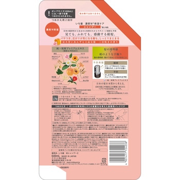 日本の髪を本質から考える。日本の髪研究から生まれた和草のちからでダメージ補修&予防する予防美髪ケアシリーズ髪の透明感と、絹のような手触り補修&予防成分「純・和草プレミアムエキス」配合モイストチャージ処方植物由来アミノ酸系洗浄成分使用ノンシリコン・サルフェートフリー処方ほろ甘いあんずと上品な桜三分咲きの香りパサつき、広がりが気になる髪も、しっとりまとまる
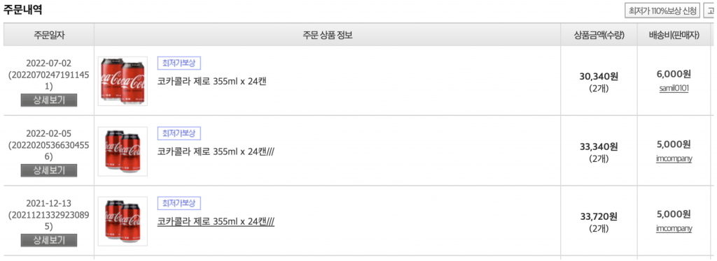 세 달에 한 번 정도 48캔 주문해서 쟁여두는 중이다. 매주 5-6캔 정도는 마신다. 제로콜라에 맛들이고 나서는 선택지가 있다면 무조건 제로콜라만 마신다. 그냥 콜라와 맛에는 미묘한 차이가 있는데 ‘제로 칼로리’가 주는 매력이 상당하다.
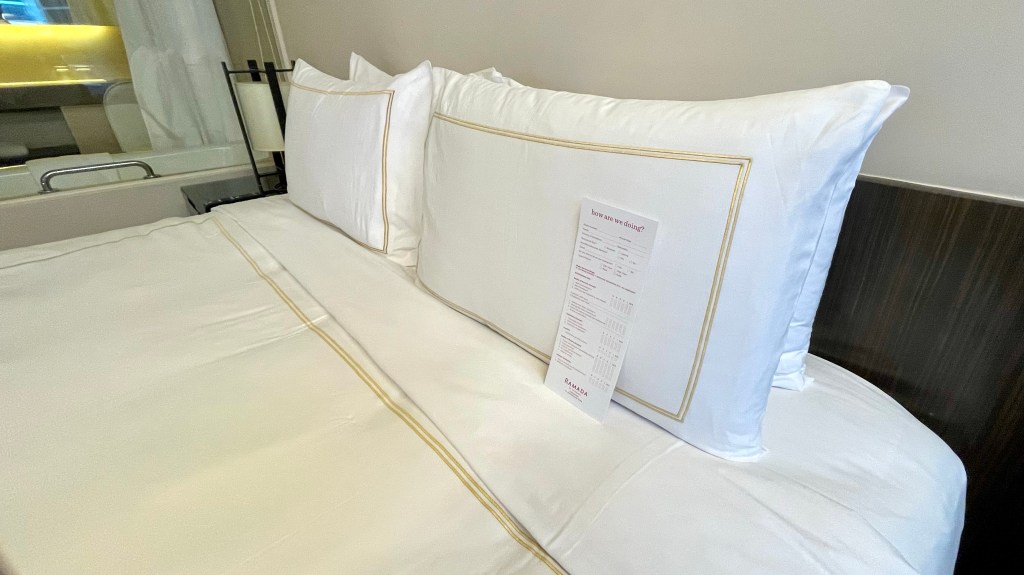 I was in love with the bed! A few hours, and I was dead and gone. I truly appreciate hotels that provide more than two pillows. There’s four here on the bed, and another extra one in the wardrobe. Pillow fights!

# [Task brief]
Could all the data above be given again exactly, leaving out its images?

# [Exercise response]
 日本の髪を本質から考える。日本の髪研究から生まれた和草のちからでダメージ補修&予防する予防美髪ケアシリーズ髪の透明感と、絹のような手触り補修&予防成分「純・和草プレミアムエキス」配合モイストチャージ処方植物由来アミノ酸系洗浄成分使用ノンシリコン・サルフェートフリー処方ほろ甘いあんずと上品な桜三分咲きの香りパサつき、広がりが気になる髪も、しっとりまとまる
 세 달에 한 번 정도 48캔 주문해서 쟁여두는 중이다. 매주 5-6캔 정도는 마신다. 제로콜라에 맛들이고 나서는 선택지가 있다면 무조건 제로콜라만 마신다. 그냥 콜라와 맛에는 미묘한 차이가 있는데 ‘제로 칼로리’가 주는 매력이 상당하다.
 I was in love with the bed! A few hours, and I was dead and gone. I truly appreciate hotels that provide more than two pillows. There’s four here on the bed, and another extra one in the wardrobe. Pillow fights!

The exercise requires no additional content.